A frequent task for tests is to monitor target server's health. Monitoring service is built to collect data from those remote servers. At this time the following sources are supported:

  • local health stats, enabled by default
  • ServerAgent — technology that is used by JMeter users for long time and
  • Graphite

Local Monitoring Stats

This service collects local health stats from computer running Taurus. It is enabled by default.

Following metrics are collected locally:

  • cpu - total CPU usage %
  • mem - total RAM usage %
  • bytes-sent/bytes-recv - network transfer rate
  • disk-read/disk-write - disk I/O rate
  • disk-space - % disk space used for artifacts storage
  • engine-loop - Taurus "check loop" utilization, values higher than 1.0 means you should increase settings.check-interval
  • conn-all - quantity of network connections
services:
- module: monitoring
  local:
  - metrics:
    - cpu
    - disk-space
    - engine-loop

Once you have resource monitoring enabled, you'll be presented with small sidebar widget that informs you on latest data from monitoring agents:

The widget will possibly not display all the metrics for the long list, that's the limitation of screen height :)

ServerAgent

ServerAgent is a small Java application that collects server health stats and makes them accessible through network connection. To use it, you need to install and launch ServerAgent on each of your target servers and then specify metrics to collect under services item. For example:

services:
- module: monitoring
  server-agent:
  - address: 192.168.0.1:4444
    label: target-server  # if you specify label, it will be used in reports instead of ip:port
    metrics:
    - cpu
    - disks
    - memory
 

Graphite

Graphite data source uses graphite The Render URL API to receive metrics.
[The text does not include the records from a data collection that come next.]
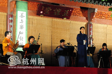 茶席间,笛家杜如松的《姑苏行》,黄正铭、周锦霞以高胡与古筝合奏《渔歌》,朱民铃唱诗《送孟浩然之广陵》,三支乐曲伴随着龙井茶的三次冲泡,起起落落间,袅袅余韵与悠悠茶香默契地互换了感官。就在此间,你终能入了‘若将耳听终难会,眼处闻声方得知’的茶禅世界了吧?
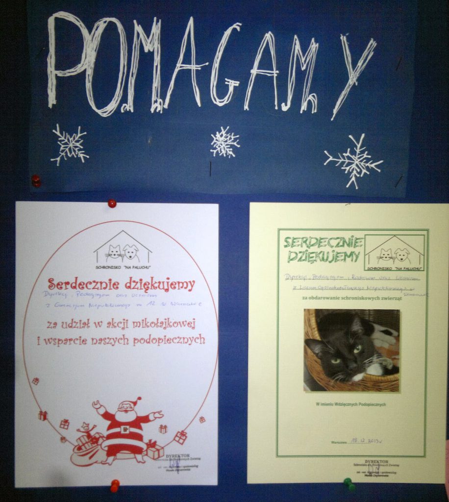 Kochani! Grudzień to wyjątkowo aktywnie spędzony przez Was miesiąc! W ostatnim poście pisaliśmy o zaangażowaniu klas pierwszych, dziś o akcji samorządu szkolnego – nie zapomnieliście o zwierzakach i dzięki Waszemu działaniu schronisko „Na Paluchu”, a przede wszystkim jego czworonożni podopieczni wzbogacili się o pokaźne kilogramy karmy i inne niezbędne akcesoria. Brawo!
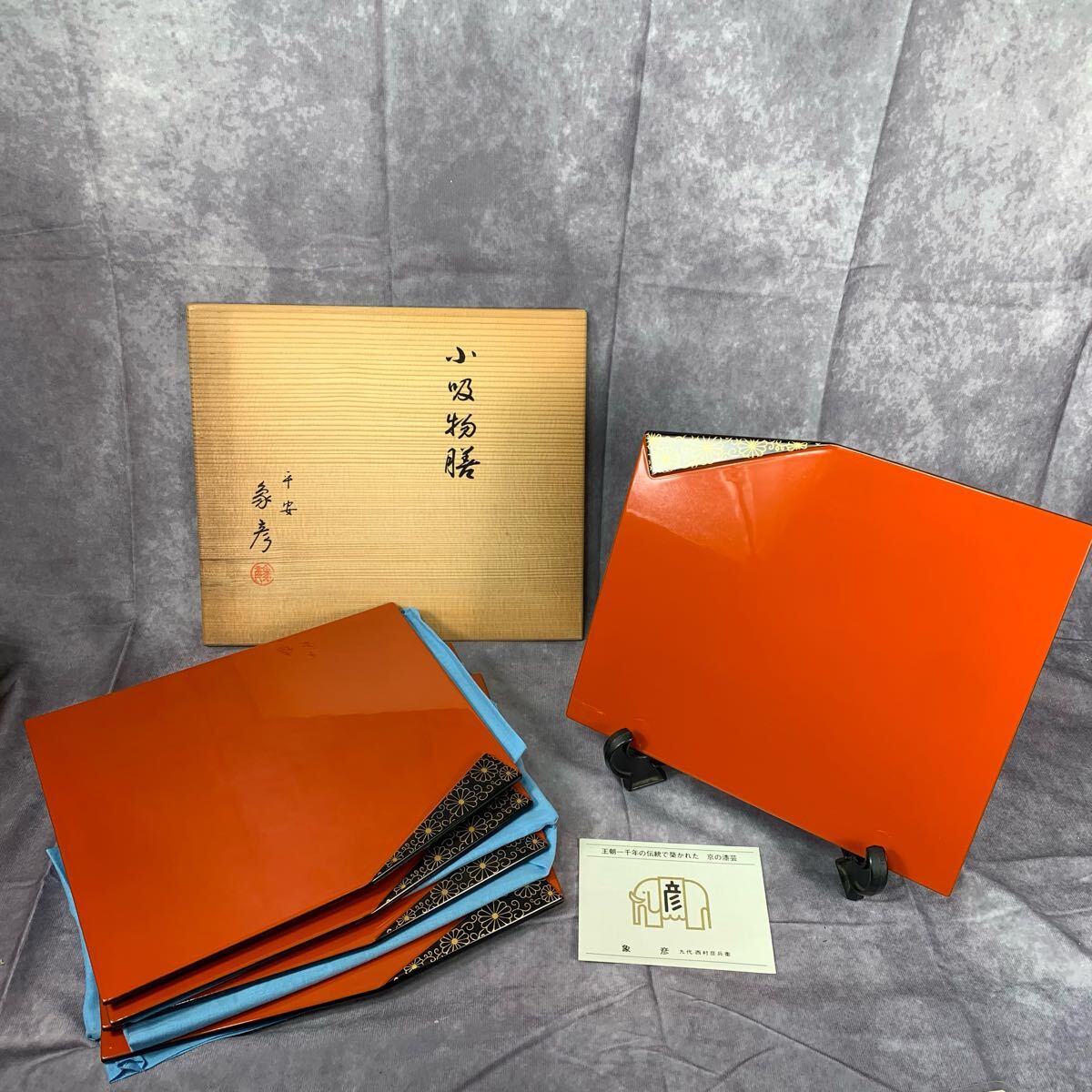 - 未使用保管品 平安象彦 作 蒔絵 折敷 吸物膳 五客 共箱 膳 懐石 料亭 美術 盆 象彦 京都 塗師 朱塗り
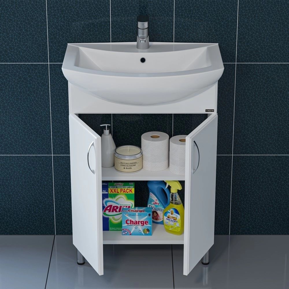 Тумба для комплекта СанТа подойдет как для просторной ванной комнаты, так и для небольшого помещения. Напольный способ установки производится непосредственно на пол, при этом конструкция максимально устойчива при серьезных физических нагрузках.В производстве используют только качественные влагостойкие материалы (ВЛДСП), в составе которых полностью отсутствуют опасные вещества. Серия Венера отличается превосходным дизайном с соблюдением всех ключевых элементов современного стиля. Основным цветом, в котором выполнена тумба под раковину СанТа является белый, гармонирующий с большинством интерьерных решений. Тумба под раковину предусматривает удобную и вместительную систему хранения, состоящую из полок и дверей.Страной бренда СанТа является Россия, все товары производятся с выполнением соответствующих стандартов качества, что позволяет быть полностью уверенными в долговечности и надежности. Тумба для комплекта СанТа поможет сделать уютным любой интерьер и создать идеальную ванную комнату.
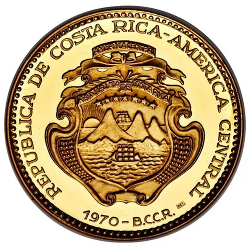 | Obverse lettering | REPUBLICA DE COSTA RICA - AMERICA CENTRAL AMERICA CENTRAL REPUBLICA DE COSTA RICA 1970 - B.C.C.R. (Translation: Republic of Costa Rica - Central America Central America Republic of Costa Rica) |
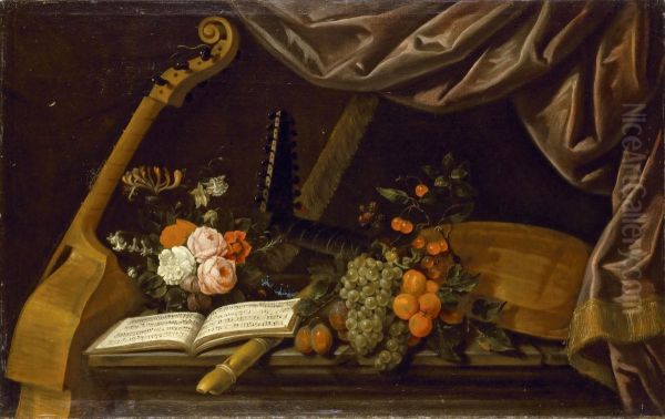 Fleurs, Fruits Et Instruments De Musique Sur Un Entablement Enpierre
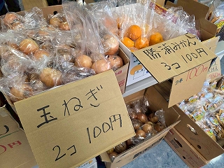 激安八百屋さんなので、オープンすぐから大盛況! 「3コ100円」の勝浦みかんは、マジでお買い得! |
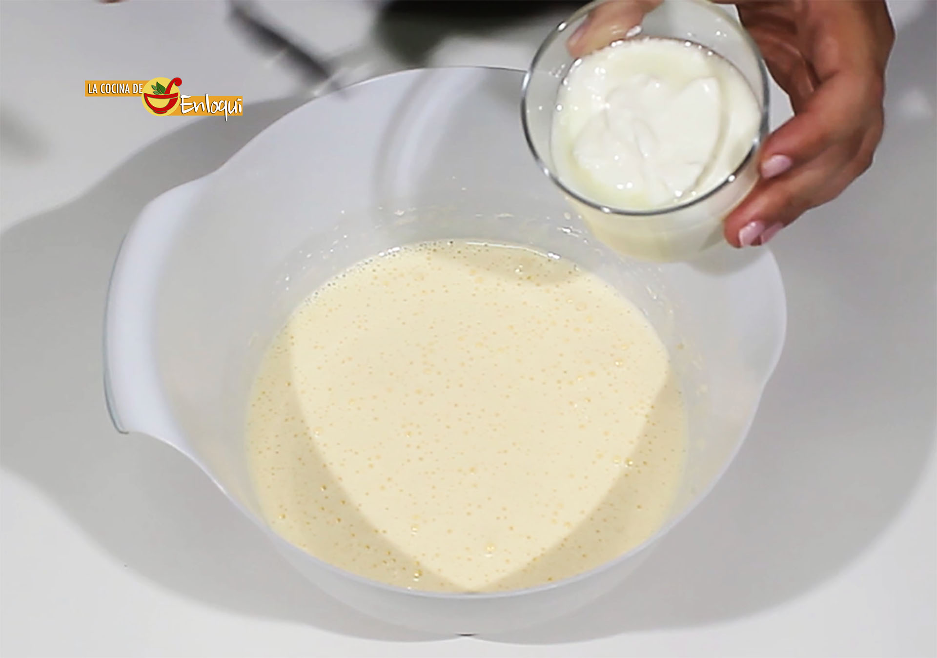 Ahora añade el aceite y el yogur. Sigue batiendo hasta que todos los ingredientes queden bien integrados.
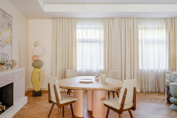 Особенность фасадов здания – исторические архитектурные приемы: арочные окна, крупный руст и «алмазная огранка» декоративных деталей. Именно они вдохновили автора на создание интерьера с необычной пластикой, деликатными рельефными орнаментами и элементами неоклассики.
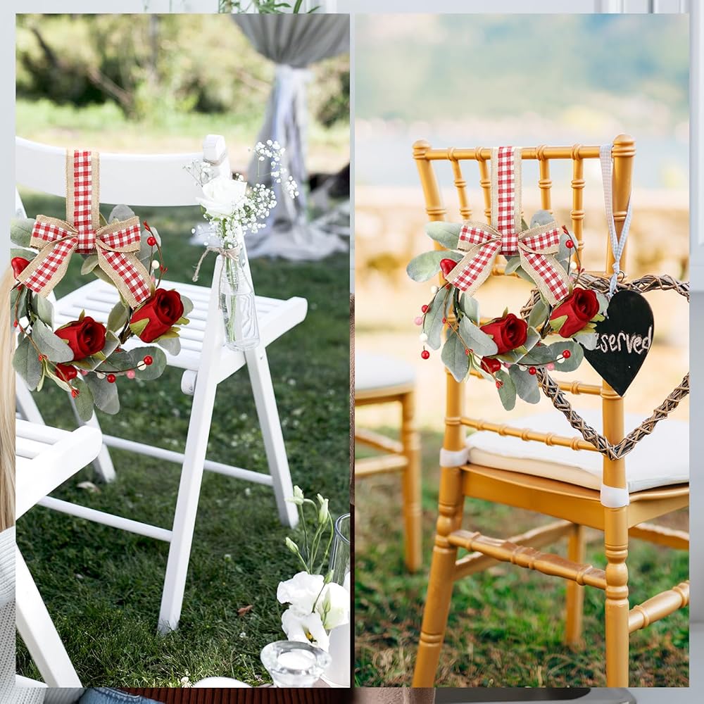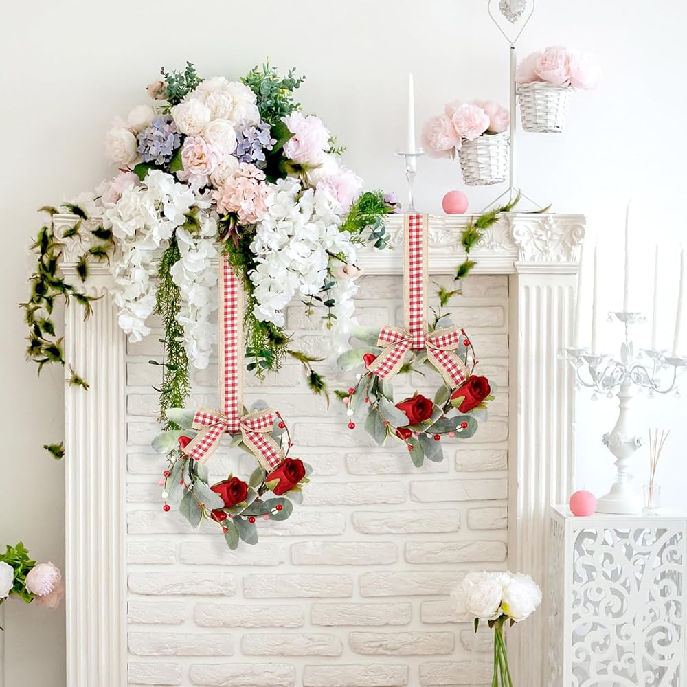 Valentine Wreath Set: the package includes 2 pieces of faux red rose cabinet wreaths, cabinet wreath comes with an elegant with a faux burlap red white buffalo plaid bow, heart and rose wreath is full of romantic atmosphere, suitable for a Valentine's Day home decor addition
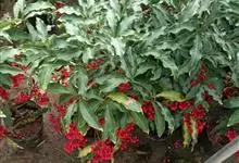 朱砂根是报春花科紫金牛属植物,又名铁凉伞、红铜盘、百两金、大罗伞、开喉箭等,为常绿小灌木,高1~2米,茎粗壮,无毛,除侧生特殊花枝外,无分枝,叶片革质或坚纸质,椭圆形、椭圆状披针形至倒披针形,…全部>>

In this example you can see usage optional server label, timeout for graphite answers, interval between requests and interesting graphite data range definition with parameters from/until.

services:
- module: monitoring
  graphite:
  - address: 192.168.0.38
    interval: 5s
    from: 100s
    until: 1s
    timeout: 2s
    metrics:
    - store.memUsage
    - test.param1
  - address: local_serv:2222
    label: test_serv
    metrics:
    - production.hardware.cpuUsage
    - groupByNode(myserv_comp_org.cpu.?.cpu.*.value, 4, 'avg')